A restoration contractor will get the hint that if they push a carrier on these required practices, the carrier can find another contractor to replace them. Thus, many vendors don’t perform the necessary services for fear of destroying their business. And it’s the insured that ultimately pays the price.

Sweet explained, “So, if a restoration company fully complies with the industry standards of care, their bill could easily exceed these new policy limits, that most don’t even know are present. Add to this the short payments and denials and you can see that the contractors are left with one realistic option – lien. Insureds can’t pay for the work (and who can – this is why we have insurance in the first place) and the insured is forced to file suit to get the balance due paid. Thus, carrier litigation skyrockets, and the contractor – who is frequently just doing the right thing, is the ‘villain.’ Once sued, insurance carriers frequently lose, and when they do their litigation expenses skyrocket. And again, the contractor is portrayed to be the ‘villain’ – when often it is the claims practices that create the issue.”

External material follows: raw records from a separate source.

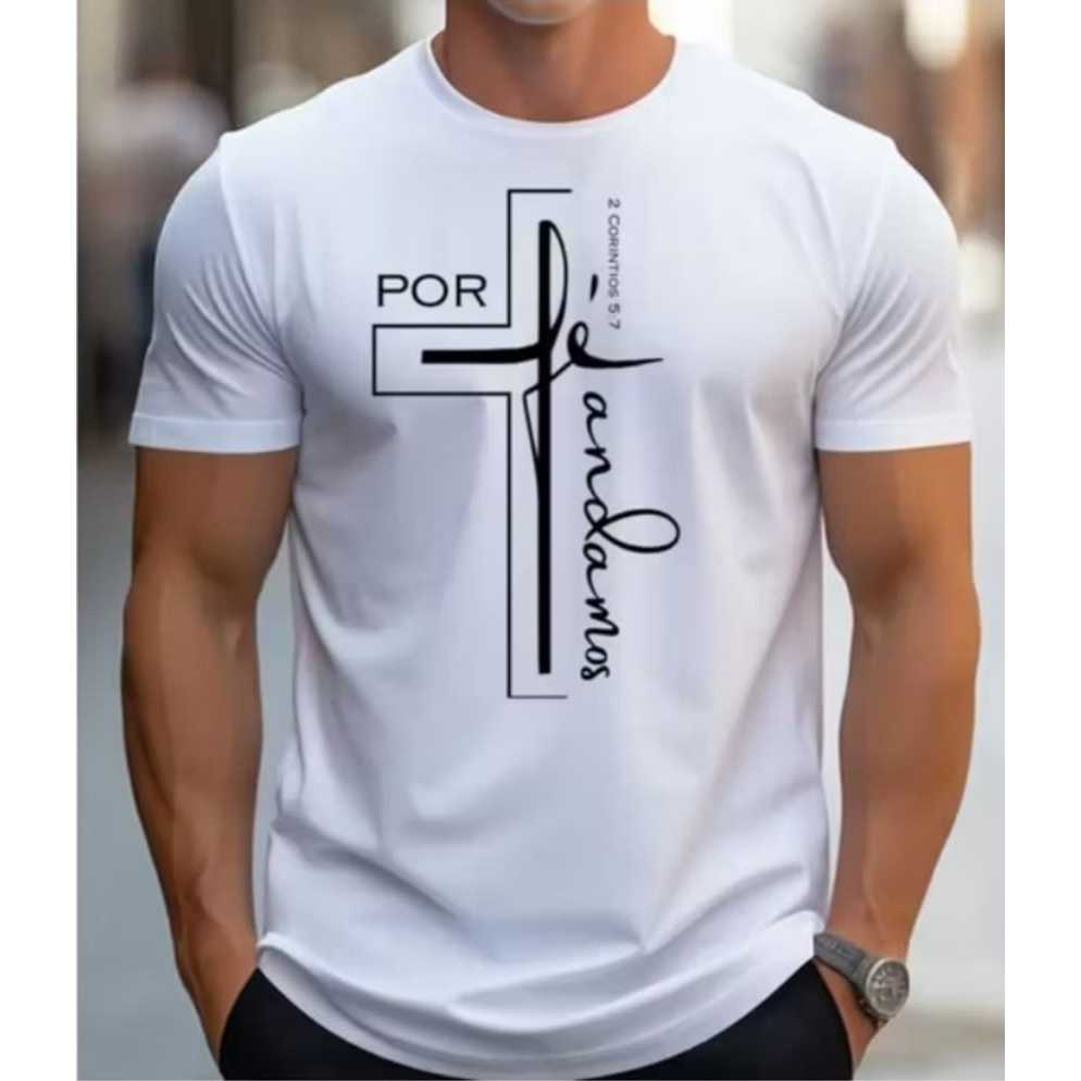 Camisa Camiseta Masculina Por Fé Andamos Algodão Malha 30.1
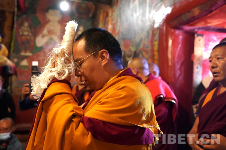 當日下午,班禪登上拉讓日光殿寶座,接受扎什倫布寺管委會僧人成員、高僧的朝拜,為他們摸頂賜福,并帶領高僧集體誦經祈禱。
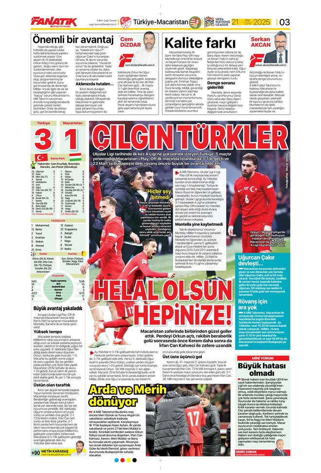 Süper güç Türkiye! Spor basını bugün ne yazdı? (21 Mart)
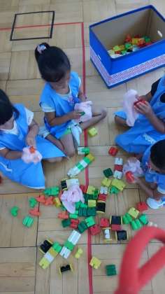 年少組さんも、大掃除に取りかかりました。雑巾で、おもちゃやブロックを磨いています。皆でやると、大掃除も楽しいな!
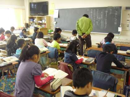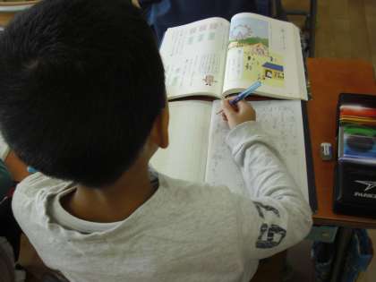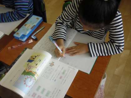 2年生の国語の授業の様子です。教科書の絵を見ながら、主語と述語を考えて文章を作ってノートに書いているところです。絵の内容の受け止め方で、主語も述語もかわってきます。熱心に取り組んでいました。
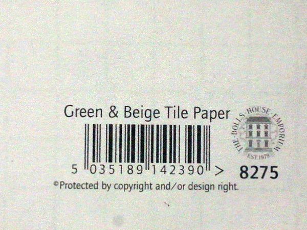 1/12サイズのドールハウス用品です。Green & Beige Tile Paper 430 x 600mm
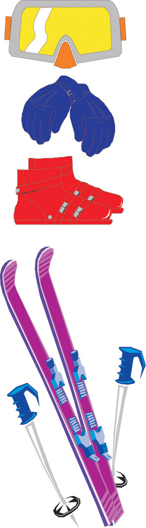 上衣要宽松,衣袖的长度应以向上伸直手臂后略长于手腕部为标准。袖口应为直立的高领开口,裤子的长度应当在蹲下后裤角到脚踝部长度为准。裤腿下开口应有双层结构,其中内层带有防滑橡胶的松紧收口,能紧紧地绷在滑雪靴上,外层内侧有耐磨的硬里。滑雪服的外料应选用耐磨、防撕、防风的布料、表面经防水处理的尼龙或防撕布最好。滑雪服的内层保暖材料应选用保暖性较好的中空棉或杜邦棉。颜色最好选择与白色形成较大反差的红、橙、黄、蓝等醒目色调。滑雪手套要宽大,要选择五指分开的,手套腕口要长,最好能将袖口罩住。滑雪帽最好选用套头式。
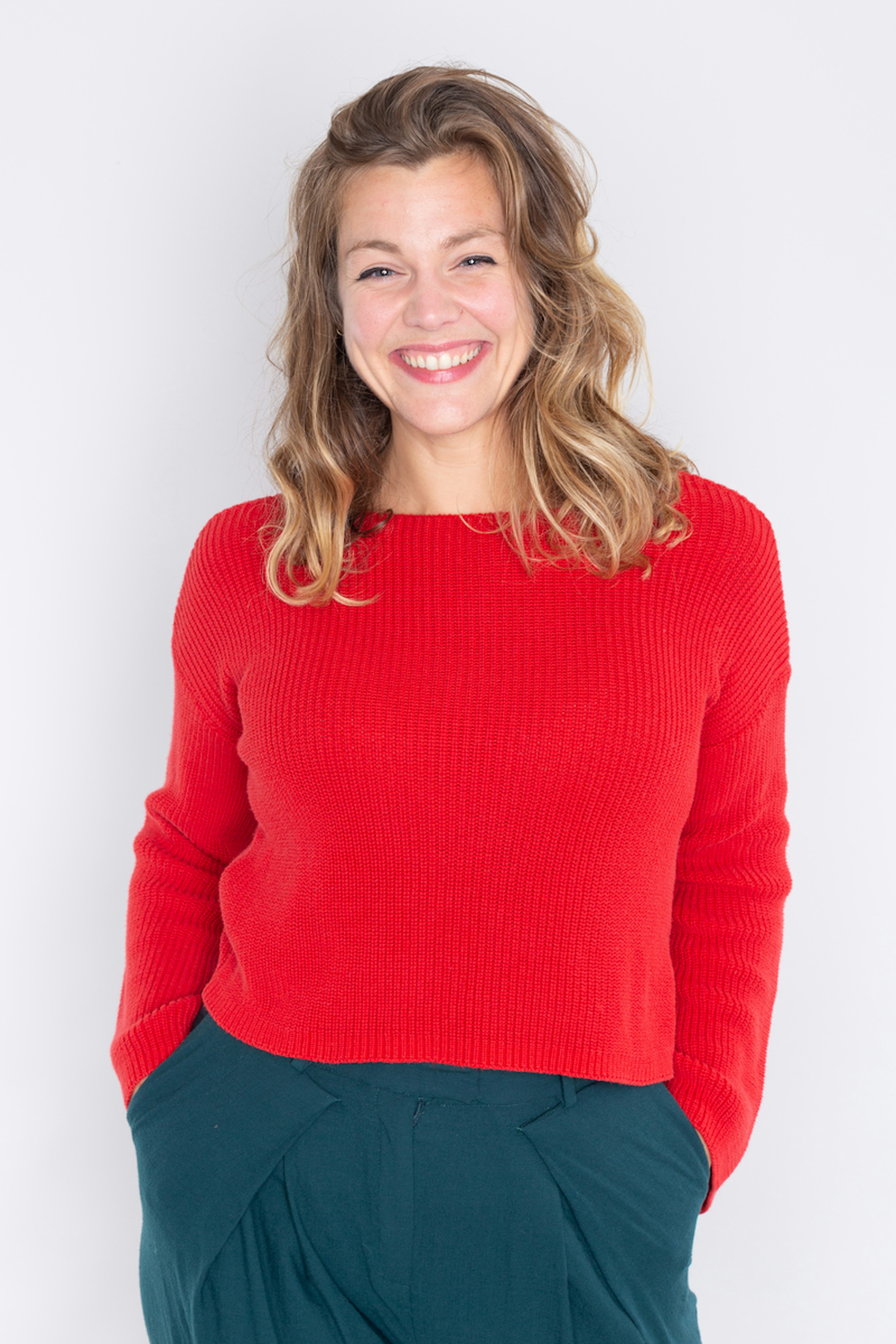 โข Pull en mailles rouge โข Coupe courte ร la taille โข Manches longues รฉvasรฉes sur le bas โข Encolure ras du cou

Sweet said he educates his clients on all required aspects of restoring a property properly from water damage and emphasizes they should request documentation to prove that what was done was necessary and press the carrier to agree that it is necessary, and reimbursable, early in the loss, not at the end when a lawsuit is the next and only step.

Sweet concluded, “All parties agreeing to industry standards and statutes, contracted pricing, hazard sampling, drying plans and required documentation from day one, is the key to a successful water damage restoration for all parties. But this requires competent contractors, cooperative carriers, and validated documentation to control the process.”